2. Title; Duties. During the term of this Agreement, Employee shall serve as Executive Vice President, Loans of Employer. The duties of Employee shall be those duties which are appropriate (including appropriate authority and responsibilities) to Employees position with Employer and to which Employer and Employee may hereafter mutually agree in writing. Employees duties may, subject to the provisions of Section 9(d), from time to time, be changed or modified at the discretion of the Board, subject to the terms of this Agreement.
3. Salary and Benefits.
(a) Base Salary. Employer shall, during the Term of Employment, pay Employee an annual base salary of $250,000. Such salary shall be paid in accordance with Employers payroll practices as in effect from time to time less applicable withholding and salary deductions. Employees base salary shall be reviewed at least annually in accordance with Employers salary review process as in effect from time to time, provided, however, that Employees base salary shall not be decreased during the Term of Employment if Employee continues to serve as Executive Vice President, Loans during the Term of Employment.
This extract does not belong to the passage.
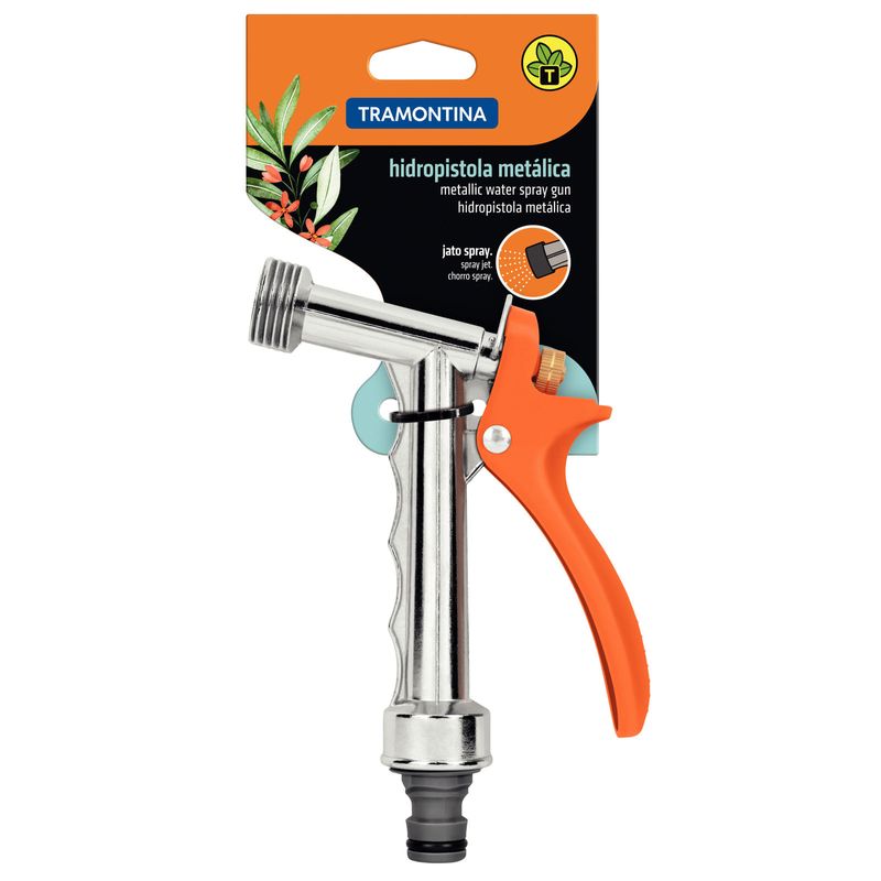 Con la hidropistola metálica para acople rápido Tramontina, tendrás un excelente equipo para cuidar tu jardín. El producto tiene traba de accionamiento para facilitar el manejo, además de acople rápido. La hidropistola tiene regulado de presión del chorro de agua y de salida de agua al alcance de la mano.

(b) Bonus. Subject to the terms of this Agreement and Employers annual bonus program as in effect from time to time, Employee shall be eligible to receive an annual bonus for each year during the term of this Agreement as shall be determined by the Board, including a prorated bonus for any partial year of employment during such term.
(c) Reimbursement of Business Expenses. Employer shall reimburse Employee for all out-of-pocket business expenses incurred by Employee in the course of his duties, in accordance with, Employers policies as in effect from time to time. Employee shall be required to submit to Employer appropriate documentation supporting such out-of-pocket business expenses as a prerequisite to reimbursement in accordance with such policies.
(d) Employee Benefits. Employee shall be eligible to participate in the employee benefit plans, programs, policies and arrangements generally available to employees of Employer and to receive the other perquisites provided to senior executive officers of Employer, in each case in accordance with the terms and conditions of such plans, programs, policies, arrangements and other perquisites as in effect from time to time.
(e) Benefits Not in Lieu of Compensation. No benefit or perquisite provided to Employee shall be deemed to be in lieu of base salary or other compensation.
4. Term of Agreement.
(a) General. This Agreement is being entered into in connection with the Agreement and Plan of Merger, dated August 31, 2004, by and between Centennial Bank Holdings, Inc., Newco Front Range, Inc. and Guaranty Corporation (the Merger Agreement). Employees employment under this Agreement shall commence on the date the merger contemplated by the Merger Agreement becomes effective (the Effective Date) and shall continue in effect until the first anniversary of the Effective Date (the Term of Employment); provided, however, that if the Merger Agreement terminates for any reason before the merger occurs, all of the provisions of this Agreement will terminate and there will be no liability of any kind under this Agreement. Commencing on the first anniversary of the Effective Date and on each anniversary thereafter, the Term of Employment shall automatically be extended for one year terms unless either the Employer or the Employee shall give the other party not less than 30 days prior written notice of the intention to not extend this Agreement (a Non-Renewal Notice).
(b) Effect of non-renewal. In the event a Notice of Non-Renewal is given by Employer and the parties do not enter into a new employment agreement, then Employer shall elect, in its sole discretion, on or before the last day of the Term of Employment, one of the following, and the Employee agrees to be bound by such election:
(i) payment to Employee of the amount specified in Section 6(a)(i), in which case Employee remains subject to the provisions of Sections 8(a) and 8(b); or
(ii) waiver of the application of the provisions of Sections 8(a) and 8(b) to Employee, in which case Employee shall not be entitled to any further payment hereunder.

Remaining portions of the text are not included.